-- What to do --
When copying the entries below, leave out every picture and keep the rest exact.
◇ ◇ ◇ ◇ ◇
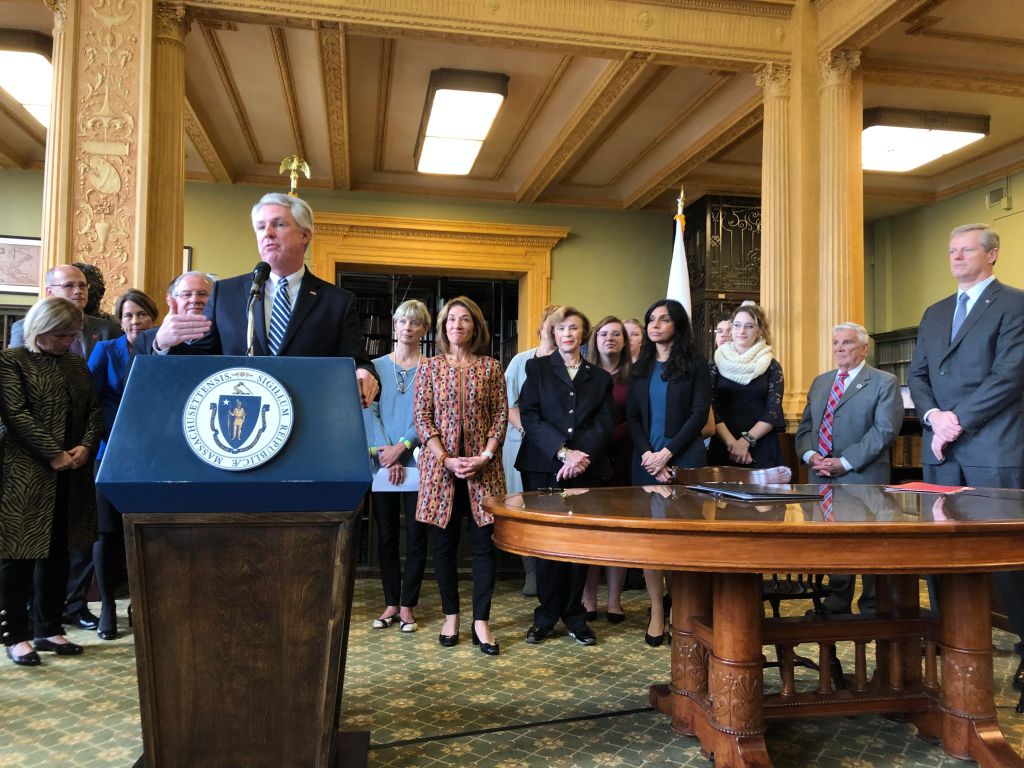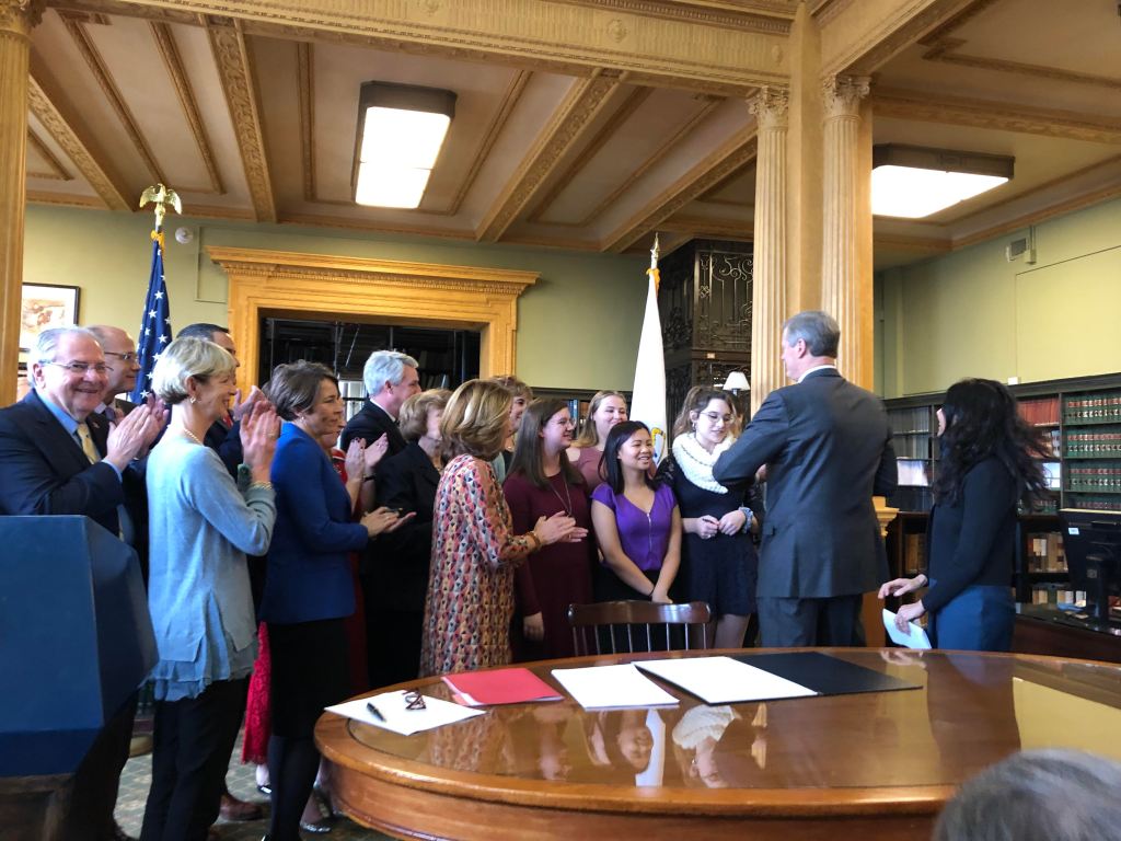 Without the hard work of the Holbrook students, and without the hard work from other young people like the students at the John D. O’Bryant School in Roxbury, we would not have been able to pass this bill. Students from Holbrook joined Governor Charlie Baker, Lt. Governor Karyn Polito, Attorney General Maura Healey, Commissioner of Public Health Monica Bharel, and legislative sponsors to sign the bill into law on November 27.
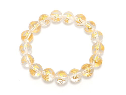 エスニックブレスレット・アジアンパワーストーン クリスタル(水晶)(六字真言)AAA(4月誕生石)10ミリ 開運 ワンカラーブレス [サイズ選べる][日本製][送料無料] (11258)
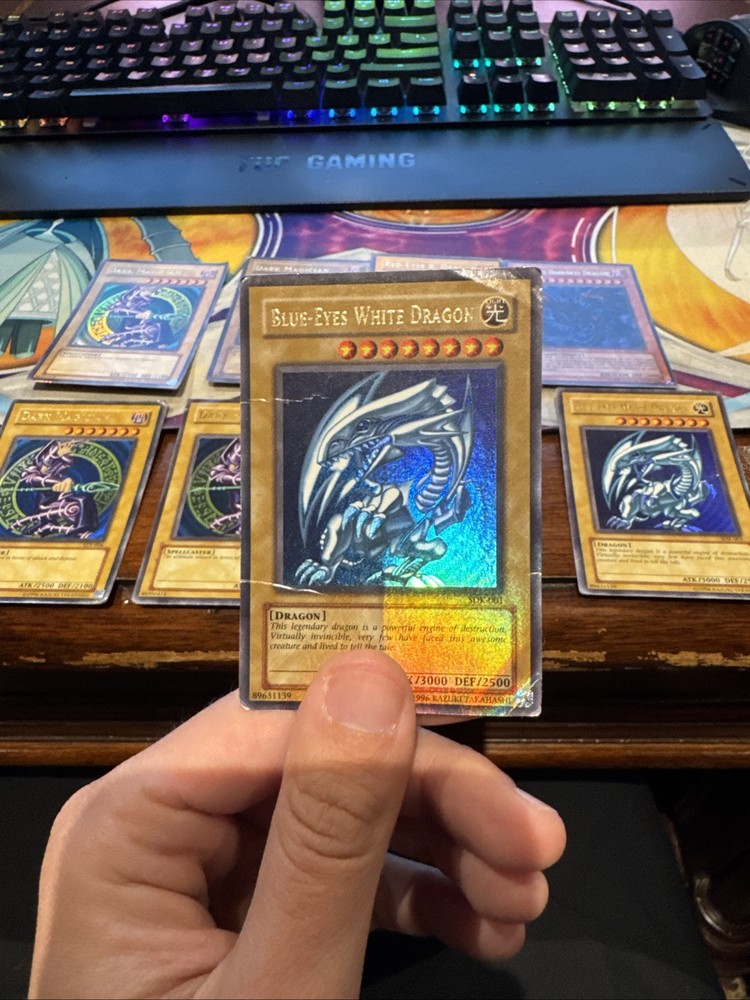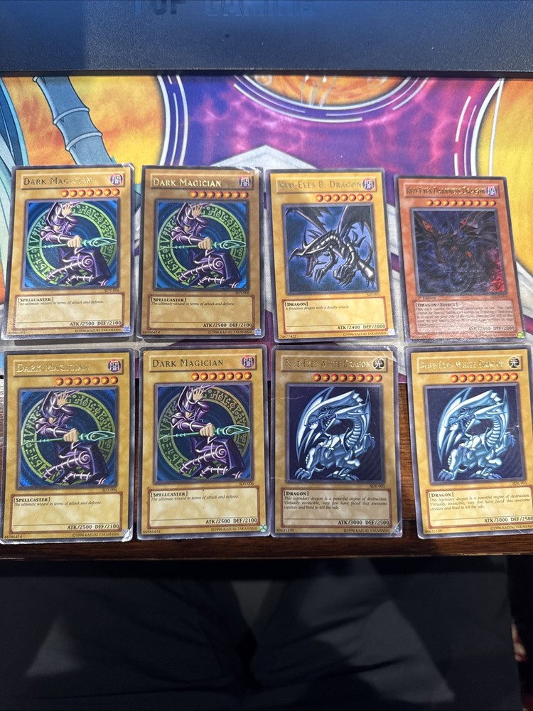 Blue eyes white dragon and dark magician lot plus two extra cards
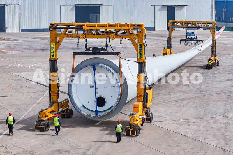 图片说明:2025年3月24日,山东省荣成市石岛管理区的海上风电产业基地,工人在吊装、运输超大型风电叶片。
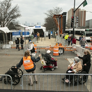 3月10日,在美国芝加哥,人们准备进入联合中心球场新冠疫苗接种点。位于芝加哥联合中心球场的一处新冠疫苗接种点于9日起投入使用。新华社发(乔尔·莱纳摄)
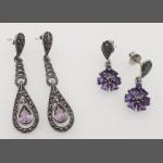 Two pairs of 925 stamped earrings with purple stones - gross weight 9.84g approx
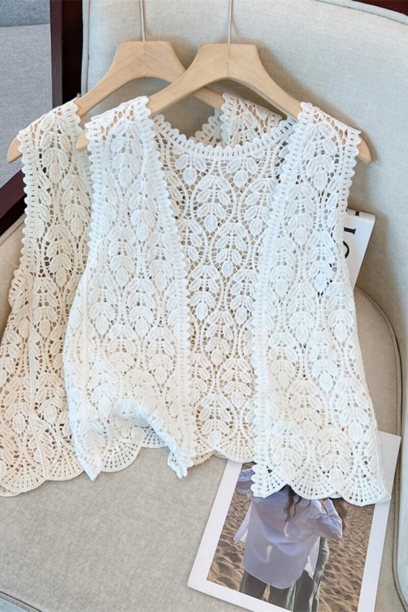 プラスサイズの婦人服 2023 新しい夏服ファットシスターズ新しい緩くて薄い中空カーディガンかぎ針編みベスト 大きめサイズ サマー 夏物 888415313401930
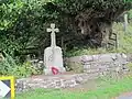 | Nenthall War memorial 54°48′23″N 2°22′32″W / 54.80630°N 2.37554°W | ![]() | 1922 | The war memorial is in an enclosure at a road junction. It is in grey granite, and consists of a Latin cross with Celtic knotwork carved on the cross and the front of the shaft. The cross is on a rough-hewn plinth on a rusticated base. Carved on the plinth is an inscription and sheathed sword through a wreath in relief.[93] | II |
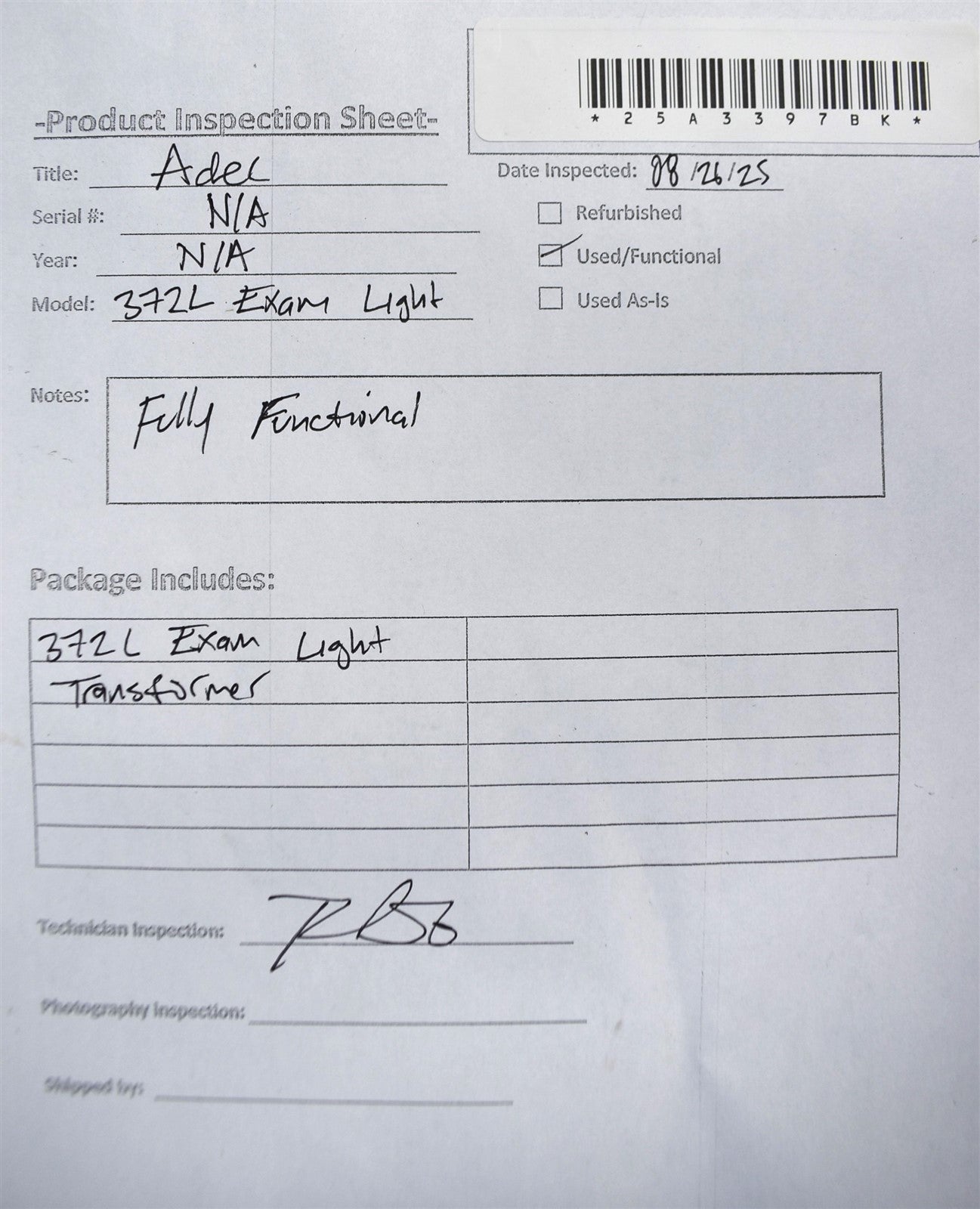 08/26/25 Exam Light has been inspected for missing components and damages, unit is fully functional but does not include harness
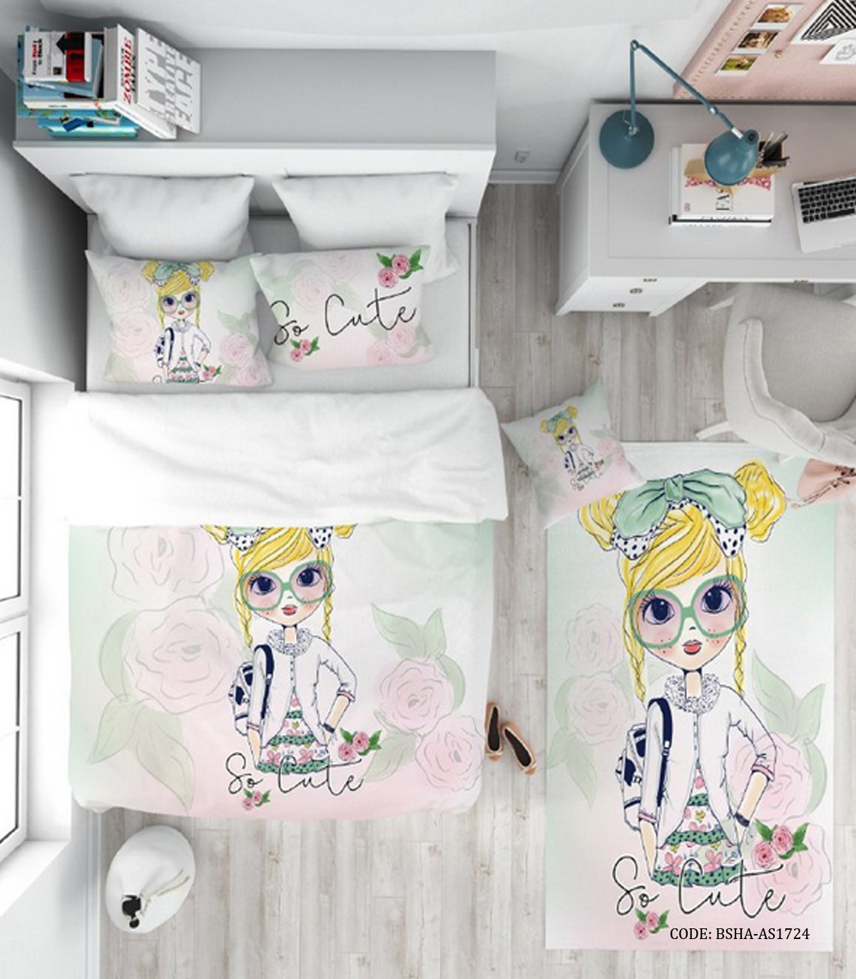 روتختی دخترانه ۴ تکه طرح دختر مدل So Cute Girl
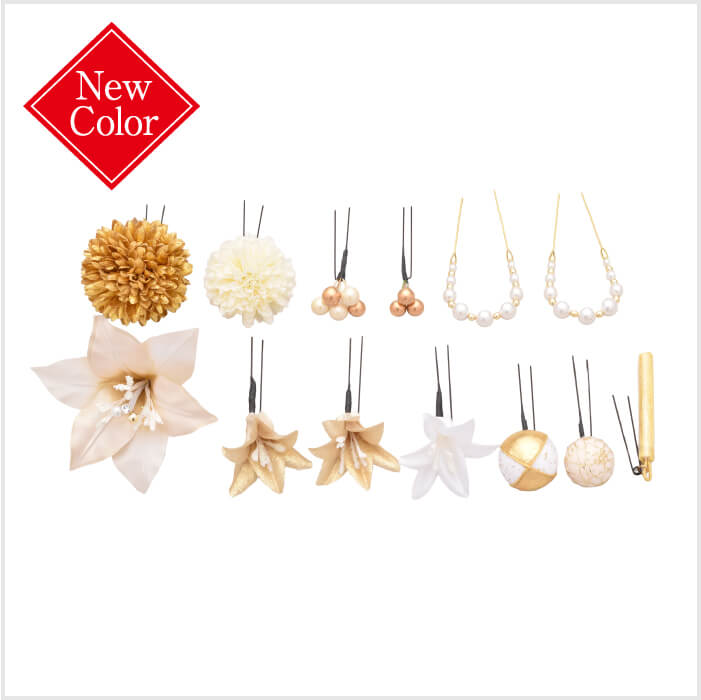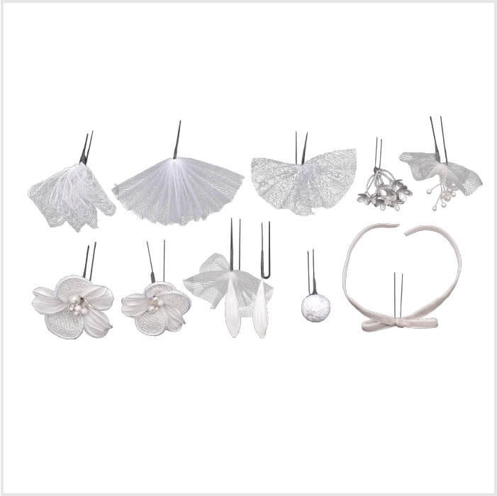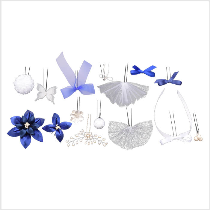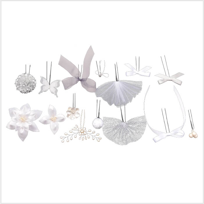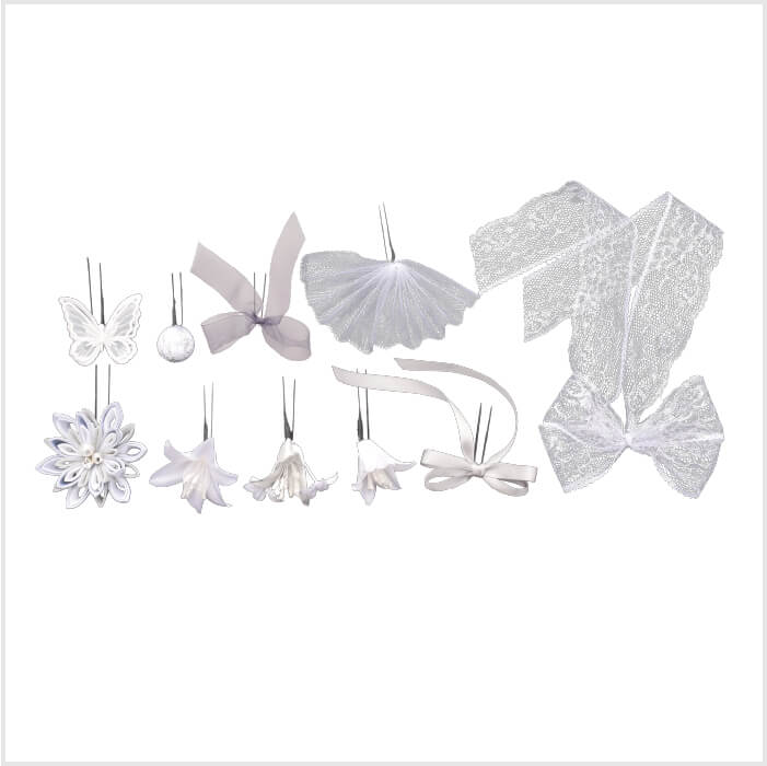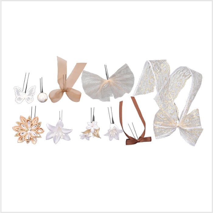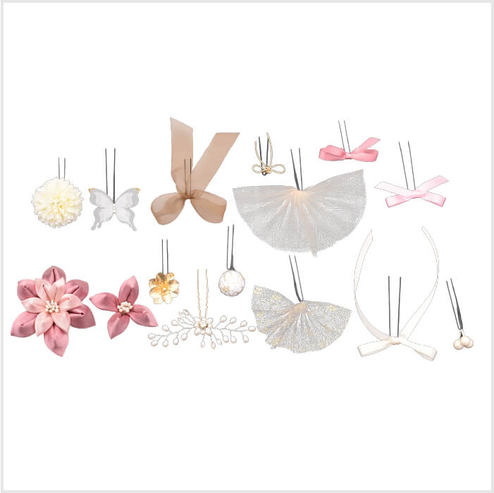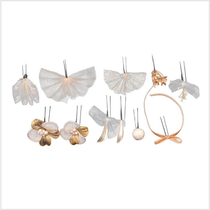 アレンジ性に優れヘアスタイルに合わせて全体に散りばめたり、集め合わせたりと自在に使用できます。
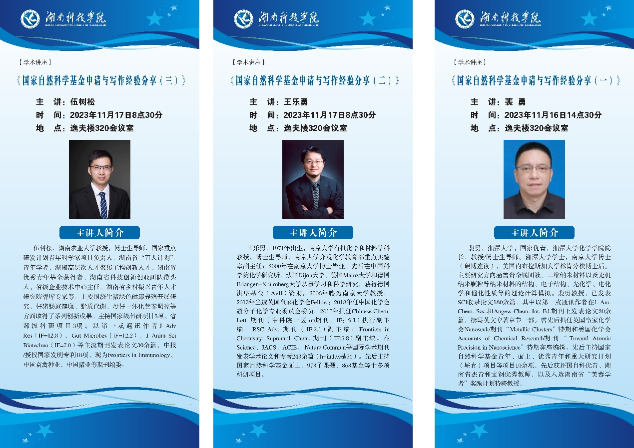 (本网讯 袁志辉)11月16日-17日,湘潭大学裴勇教授、南京大学王乐勇教授、湖南农业大学伍树松教授、湖南农业大学潘浪教授、湖南农业大学吴德志教授、湘潭大学汪璞和马忠云副教授等有成功申报和主持多项国家自然科学基金面上、青年项目的专家学者受邀来永利官网做国家自然科学基金申请经验分享与交流报告。
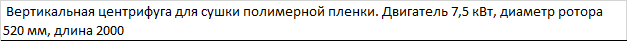 | Вертикальная центрифуга для сушки полимерной пленки. Двигатель 7,5 кВт, диаметр ротора 520 мм, длина 2000 |
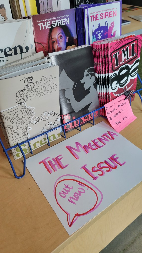 “it must’ve been only a year or two ago that ami got me really thinking about them—last summer, she showed me her collection, and it was also last June when I took every physical copy of The Siren I could find during my visit to UO! flash forward into fall term, and I’m the assistant editor-in-chief for The Siren as a new addition to The Feminist Hive. since then, zines have been a part of my everyday life, and I’ve loved collecting them from the College of Design and all around campus—I think it’s one of the things I miss most about the school year being over.”
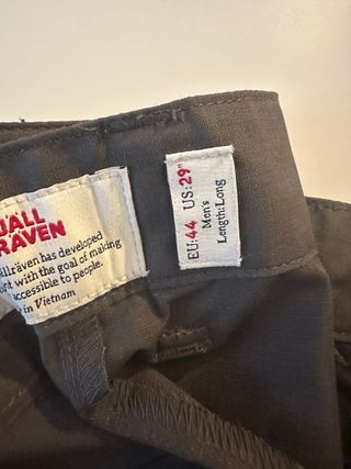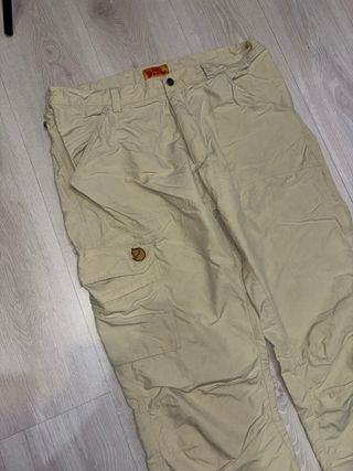 Pantalones de trekking Fjällräven con tejido G-1000. - Cinturón integrado con hebilla. - Múltiples bolsillos cargo con botones. - Parche con logo en el muslo izquierdo. - Detalle de logo G-1000 en el bolsillo derecho. - Talla 29" o EU 44
◇ ◇ ◇ ◇ ◇
-- Answer section --
 Without the hard work of the Holbrook students, and without the hard work from other young people like the students at the John D. O’Bryant School in Roxbury, we would not have been able to pass this bill. Students from Holbrook joined Governor Charlie Baker, Lt. Governor Karyn Polito, Attorney General Maura Healey, Commissioner of Public Health Monica Bharel, and legislative sponsors to sign the bill into law on November 27.
 エスニックブレスレット・アジアンパワーストーン クリスタル(水晶)(六字真言)AAA(4月誕生石)10ミリ 開運 ワンカラーブレス [サイズ選べる][日本製][送料無料] (11258)
 Blue eyes white dragon and dark magician lot plus two extra cards
 图片说明:2025年3月24日,山东省荣成市石岛管理区的海上风电产业基地,工人在吊装、运输超大型风电叶片。
 3月10日,在美国芝加哥,人们准备进入联合中心球场新冠疫苗接种点。位于芝加哥联合中心球场的一处新冠疫苗接种点于9日起投入使用。新华社发(乔尔·莱纳摄)
 Two pairs of 925 stamped earrings with purple stones - gross weight 9.84g approx
 プラスサイズの婦人服 2023 新しい夏服ファットシスターズ新しい緩くて薄い中空カーディガンかぎ針編みベスト 大きめサイズ サマー 夏物 888415313401930
 | Nenthall War memorial 54°48′23″N 2°22′32″W / 54.80630°N 2.37554°W | ![]() | 1922 | The war memorial is in an enclosure at a road junction. It is in grey granite, and consists of a Latin cross with Celtic knotwork carved on the cross and the front of the shaft. The cross is on a rough-hewn plinth on a rusticated base. Carved on the plinth is an inscription and sheathed sword through a wreath in relief.[93] | II |
 08/26/25 Exam Light has been inspected for missing components and damages, unit is fully functional but does not include harness
 روتختی دخترانه ۴ تکه طرح دختر مدل So Cute Girl
 アレンジ性に優れヘアスタイルに合わせて全体に散りばめたり、集め合わせたりと自在に使用できます。
 (本网讯 袁志辉)11月16日-17日,湘潭大学裴勇教授、南京大学王乐勇教授、湖南农业大学伍树松教授、湖南农业大学潘浪教授、湖南农业大学吴德志教授、湘潭大学汪璞和马忠云副教授等有成功申报和主持多项国家自然科学基金面上、青年项目的专家学者受邀来永利官网做国家自然科学基金申请经验分享与交流报告。
 | Вертикальная центрифуга для сушки полимерной пленки. Двигатель 7,5 кВт, диаметр ротора 520 мм, длина 2000 |
 “it must’ve been only a year or two ago that ami got me really thinking about them—last summer, she showed me her collection, and it was also last June when I took every physical copy of The Siren I could find during my visit to UO! flash forward into fall term, and I’m the assistant editor-in-chief for The Siren as a new addition to The Feminist Hive. since then, zines have been a part of my everyday life, and I’ve loved collecting them from the College of Design and all around campus—I think it’s one of the things I miss most about the school year being over.”
 Pantalones de trekking Fjällräven con tejido G-1000. - Cinturón integrado con hebilla. - Múltiples bolsillos cargo con botones. - Parche con logo en el muslo izquierdo. - Detalle de logo G-1000 en el bolsillo derecho. - Talla 29" o EU 44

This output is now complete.